Technology rooted in the Bronze age may offer a swift and cost-effective solution to help meet the United Nations' climate goal of net zero emissions by 2050, according to new research led by Stanford and published in the journal PNAS Nexus.
This approach involves assembling heat-absorbing bricks in an insulated container to store heat generated by solar or wind power, which can then be used for industrial processes at required temperatures.
These systems, which several companies have recently begun to commercialise for industrial heat storage, utilise bricks made from materials similar to those in ancient kilns and iron-making furnaces.
However, to optimise for heat storage, the materials are combined differently than for insulation.
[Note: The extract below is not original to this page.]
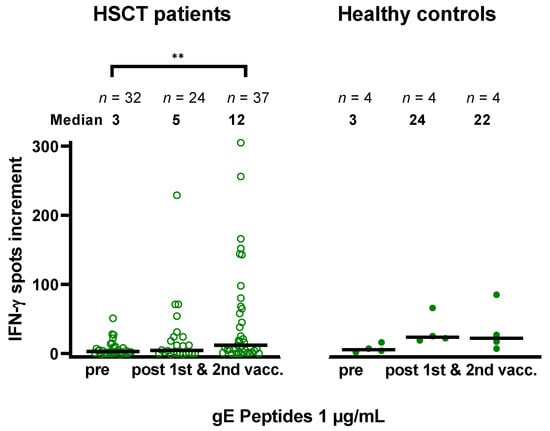 Furthermore, considering the first sample of each HSCT patient tested prior to vaccination and after the first and second vaccination, we analyzed if gE-specific ELISpot responses increased after vaccination (Figure 4). Of note, this analysis considered also incomplete data sets, in contrast to the paired data, as shown in Figure 2. Using 1 µg/mL per gE peptide, we could detect a statistically significant increase in cellular responses after the second vaccination in HSCT patients (p < 0.005). VZV gE-specific ELISpot responses prior to and post vaccination were compared between HSCT patients and four healthy controls. Prior to vaccination, VZV-specific ELISpot responses towards the gE peptide pool were comparable. However, after the first and second vaccination with Shingrix™, cellular responses were 4.8-fold and 1.8-fold higher in the age-matched healthy controls vs. HSCT patients (median of spots increment 24 vs. 5 and 22 vs. 12, respectively).

"The difference between firebrick storage and battery storage is that the fire bricks store heat rather than electricity and are one-tenth the cost of batteries," explained lead study author Mark Z. Jacobson, a professor at the Stanford Doerr School of Sustainability and School of Engineering.
Many industries require high-temperature heat for manufacturing processes, such as 1,300 degrees Celsius (nearly 2,400 degrees Fahrenheit) for cement production and 1,000 C (about 1,800 F) for glass, iron, and steelmaking. Currently, around 17 per cent of global carbon dioxide emissions are from burning fossil fuels for industrial heat.
Generating this heat from renewable sources could significantly reduce these emissions.
Jacobson and co-author Daniel Sambor used computer models to compare scenarios for a future where 149 countries use renewable energy for all purposes.
In one scenario, firebricks provide 90 cent of industrial process heat; in another, they are not used at all. The firebrick scenario showed a reduction in capital costs by $1.27 trillion, lowered energy demand from the grid, and decreased reliance on battery storage.
"Every bit of combustion fuels we replace with electricity reduces air pollution," said Jacobson. This technology presents a substantial benefit at low cost, accelerating the transition to clean renewables and improving health by reducing air pollution.